┌──

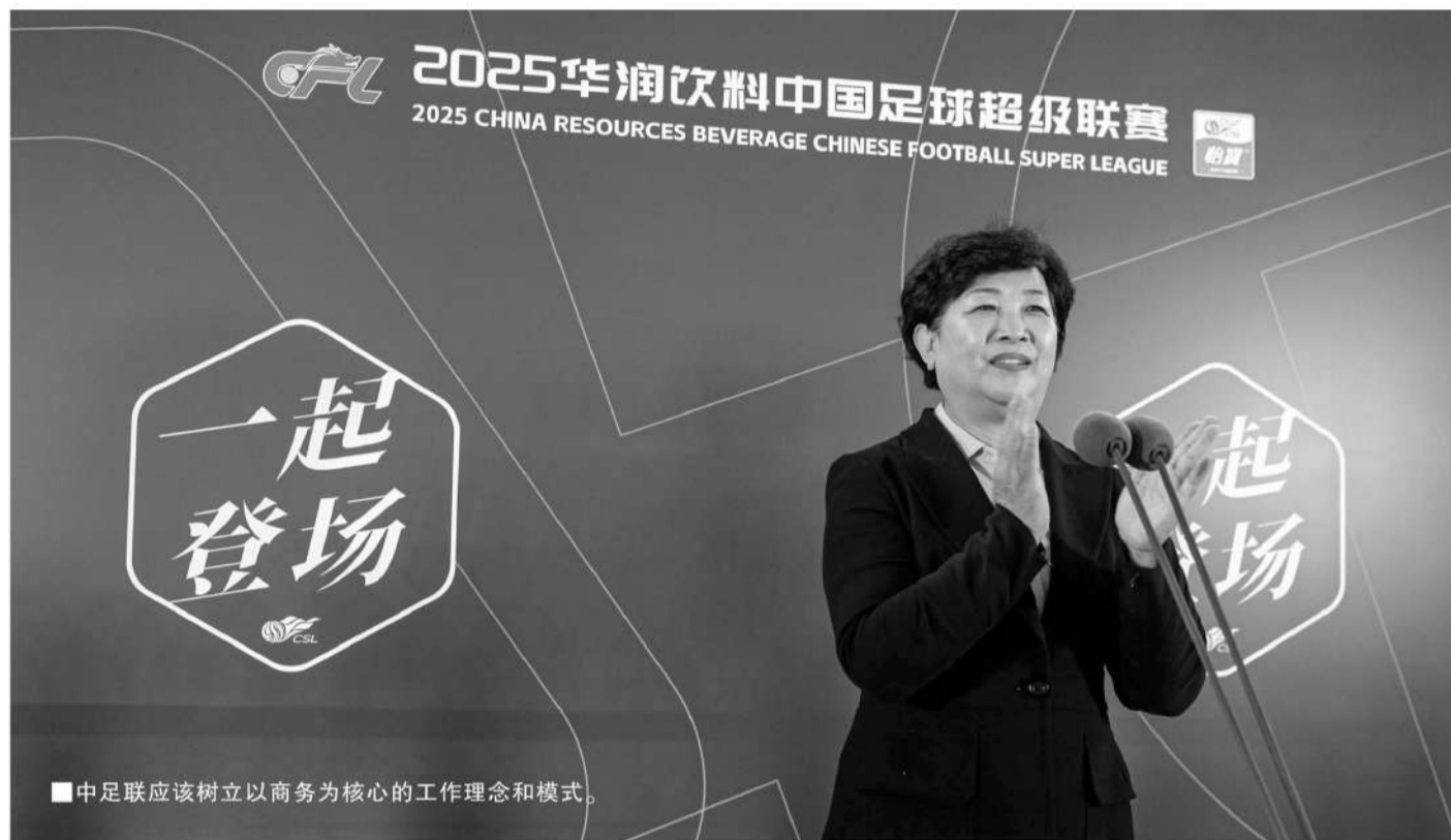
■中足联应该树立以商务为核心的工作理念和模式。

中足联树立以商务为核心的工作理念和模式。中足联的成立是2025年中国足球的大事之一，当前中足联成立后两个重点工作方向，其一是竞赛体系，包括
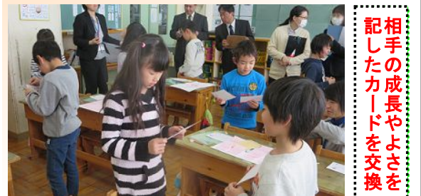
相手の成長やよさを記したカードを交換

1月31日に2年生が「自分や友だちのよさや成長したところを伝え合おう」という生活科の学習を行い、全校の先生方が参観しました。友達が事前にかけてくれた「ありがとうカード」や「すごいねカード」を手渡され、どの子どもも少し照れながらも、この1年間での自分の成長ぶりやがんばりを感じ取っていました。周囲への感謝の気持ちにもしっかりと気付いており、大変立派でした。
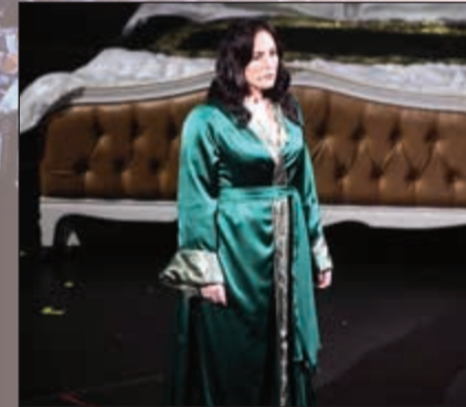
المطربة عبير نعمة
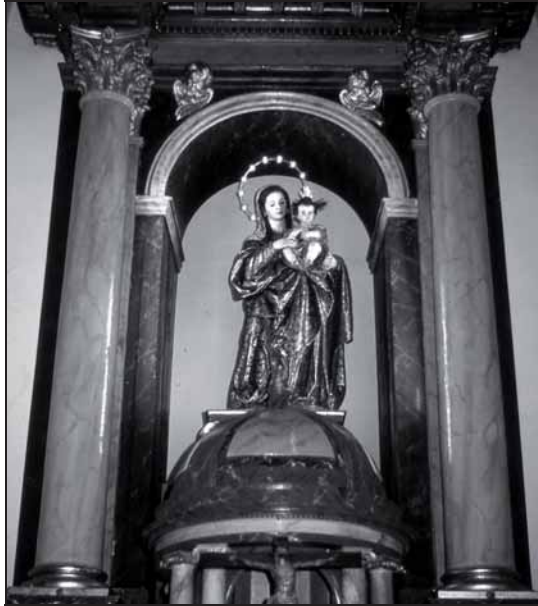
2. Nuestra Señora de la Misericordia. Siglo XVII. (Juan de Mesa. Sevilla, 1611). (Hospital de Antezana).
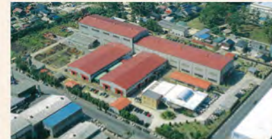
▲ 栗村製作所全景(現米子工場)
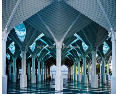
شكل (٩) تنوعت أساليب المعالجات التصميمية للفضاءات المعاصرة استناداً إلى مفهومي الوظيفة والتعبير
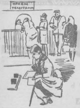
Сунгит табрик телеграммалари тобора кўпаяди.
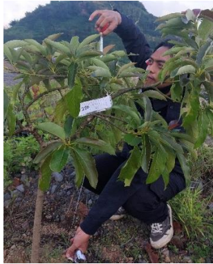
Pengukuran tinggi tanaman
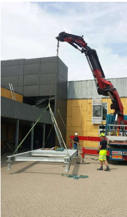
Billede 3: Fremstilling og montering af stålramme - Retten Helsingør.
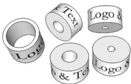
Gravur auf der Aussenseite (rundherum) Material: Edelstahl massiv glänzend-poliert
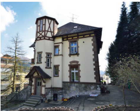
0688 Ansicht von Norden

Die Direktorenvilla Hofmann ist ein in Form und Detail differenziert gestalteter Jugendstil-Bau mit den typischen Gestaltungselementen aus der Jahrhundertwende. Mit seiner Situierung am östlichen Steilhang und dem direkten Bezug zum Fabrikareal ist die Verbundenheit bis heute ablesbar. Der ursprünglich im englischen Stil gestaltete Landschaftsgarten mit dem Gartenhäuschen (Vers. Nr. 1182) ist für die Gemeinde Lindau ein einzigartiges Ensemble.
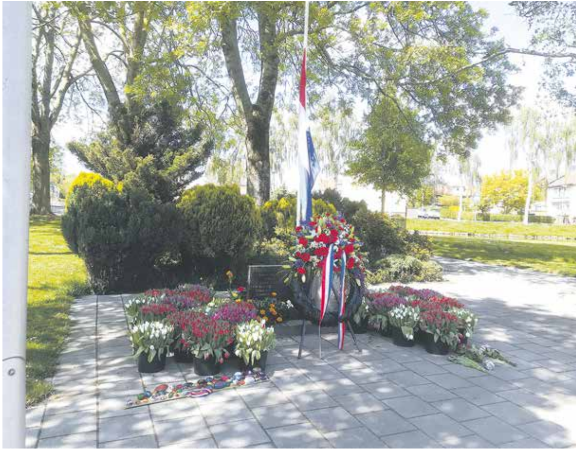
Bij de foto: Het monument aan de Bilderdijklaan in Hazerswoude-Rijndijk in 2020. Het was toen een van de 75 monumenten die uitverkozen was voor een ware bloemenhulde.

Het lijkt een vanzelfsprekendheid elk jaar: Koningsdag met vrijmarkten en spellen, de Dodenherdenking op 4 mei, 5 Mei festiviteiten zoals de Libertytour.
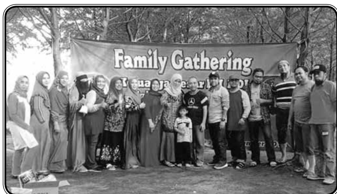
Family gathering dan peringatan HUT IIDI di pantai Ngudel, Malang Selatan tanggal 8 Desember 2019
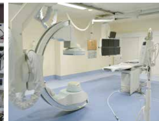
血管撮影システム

└──

• **The problem**
In the listing above, the required lines run from the line with "相手の成長やよさを記したカードを交換" through the line with "0688 Ansicht von Norden". Output exactly those lines, omitting pictures.

• **Result for this exercise**
相手の成長やよさを記したカードを交換

1月31日に2年生が「自分や友だちのよさや成長したところを伝え合おう」という生活科の学習を行い、全校の先生方が参観しました。友達が事前にかけてくれた「ありがとうカード」や「すごいねカード」を手渡され、どの子どもも少し照れながらも、この1年間での自分の成長ぶりやがんばりを感じ取っていました。周囲への感謝の気持ちにもしっかりと気付いており、大変立派でした。
المطربة عبير نعمة
2. Nuestra Señora de la Misericordia. Siglo XVII. (Juan de Mesa. Sevilla, 1611). (Hospital de Antezana).
▲ 栗村製作所全景(現米子工場)
شكل (٩) تنوعت أساليب المعالجات التصميمية للفضاءات المعاصرة استناداً إلى مفهومي الوظيفة والتعبير
Сунгит табрик телеграммалари тобора кўпаяди.
Pengukuran tinggi tanaman
Billede 3: Fremstilling og montering af stålramme - Retten Helsingør.
Gravur auf der Aussenseite (rundherum) Material: Edelstahl massiv glänzend-poliert
0688 Ansicht von Norden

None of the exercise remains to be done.